Supposing the boy is not to be directed at once into the enchanting field of handcraft; supposing his mother has allowed him to run wild a little too long or has not noticed that he was evincing signs of lawlessness until the neighbors or teachers send home uncomplimentary reports, what’s to be done? Try another tactic. See if you cannot interest him in outdoor sports to a point where he reaches self-respect. Baseball will do, a bat and a ball may help him to rouse the best that is in your lad. Then let him help his father with chores, let him drive the team to town, or sell a load of produce—nothing brings out a boy’s incipient manhood like the thought that he is helping his “dad,” that he can be depended upon, and held responsible for something really worth while.

I know a fine boy of twelve, the son of a store-keeper in a small Georgia town, who is raising hens. He has forty flourishing Wyandottes, a couple of dozen Leghorns and as many Buff Cochins. He has built a substantial hen house, and fenced in a part of the yard. Friends and relatives became interested in his enterprise and gave him suggestions, the benefit of their experience, until now he is a thriving chicken farmer. Last summer, he sold on an average of five dozen eggs a day. We were among his customers, and we paid him thirty cents a dozen, his regular price, which means that the twelve-year-old made $1.50 a day, or $10.50 a week. Besides earning a little money he was having a lot of fun.

He had enough on his mind to keep him out of trouble, and enough on his hands to work off the physical force that otherwise might have gone to waste, making him an undesirable citizen.

ENCOURAGEMENT FOR THE BOY

If your boy is mischievous, can you not make a merchant or a farmer or a gardener out of him? It need not be his vocation. Let it be his avocation, his hobby. Don’t shut him in, don’t keep him down; encourage him to come out along life’s highway and show the world the sort of stuff he’s made of.
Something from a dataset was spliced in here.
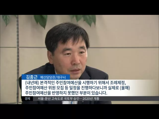 인구 100만명 이상 전국 10개 도시 가운데 올해 주민참여예산을 한푼도 배정하지 않은 유일한 곳이 대구시라고 하는데요, 자! 이를 두고 주민참여예산제 운영에 의지가 없는 것 아니냐는 비판이 나오고 있다지 뭡니까요. 대구시 김종근 예산담당관 "내년에 본격적으로 시행하려고 조례도 만들고 주민참여예산 위원도 모집하...

A very noble-minded woman of my acquaintance is suffering from the effects of having been constantly restrained when she was a child. She is in consequence, diffident, lacking in self-confidence, liable to become the victim of a strong-willed person’s whim. She says that, as a girl, all her natural instincts were put to scorn. Full of abounding life, she loved to leap down the stairs, throw herself into her mother’s arms, shout with laughter, sing at the top of her voice as she went about her tasks. This was looked upon with horror by her sedate and cautious parent. “Don’t run down the stairs,” her mother would say. “Don’t laugh so loud!” “Don’t shout like that!” Don’t, don’t, don’t, until the poor girl did not really know what she might do with impunity. She was constantly being humiliated before visitors, and the joy in life that might have been cultivated and utilized, nay, even glorified, was driven quite out of her soul. Yet her mother was an excellent woman, who meant to do just the right thing by that little girl of hers. She had her own idea of what a young girl should be. This gay, hilarious creature was not just what the mother desired. She had hopes of bringing up a dignified, gentle, lady-like, delicate, feminine daughter rather than a hoyden. What might not that mother have done had she but understood the glorious material God had lent her to work with a little while!

If she had only realized that the quality she was stamping out was a radiant, winged, rare, inspired and inspiring touch of nature springing out of a fullness of life, a superabundance of health, she might have made her child a queen among women, a leader, a creature admired and adored.

THE SOUL NEEDS SPACE TO DEVELOP

Instead, she accomplished not the dainty, refined model she set her unwise hands to, but an anomaly, an unwieldy statue with the helmeted head of Athene and the dancing body of Terpsichore. The mother can do much for her child, but she cannot put her soul into the other body. The child’s soul is its own. Inspirations and energies can be directed, that is all. The soul must grow; it must develop, and for this it must have a wide space. Do not bind the growth with a too compelling hand. Let cooperation, not coercion, be the stimulus between you.

The whole world is yours and your child’s, dear mother, therefore do not cramp his mental or spiritual gymnastics. There are a thousand outlets, a hundred thousand modes of expression. Find your child’s height and depth; sound him, measure his capacity for learning, pleasure, pain, work, and let him grow in beauty, wisdom and peace ever unfolding into the Infinite.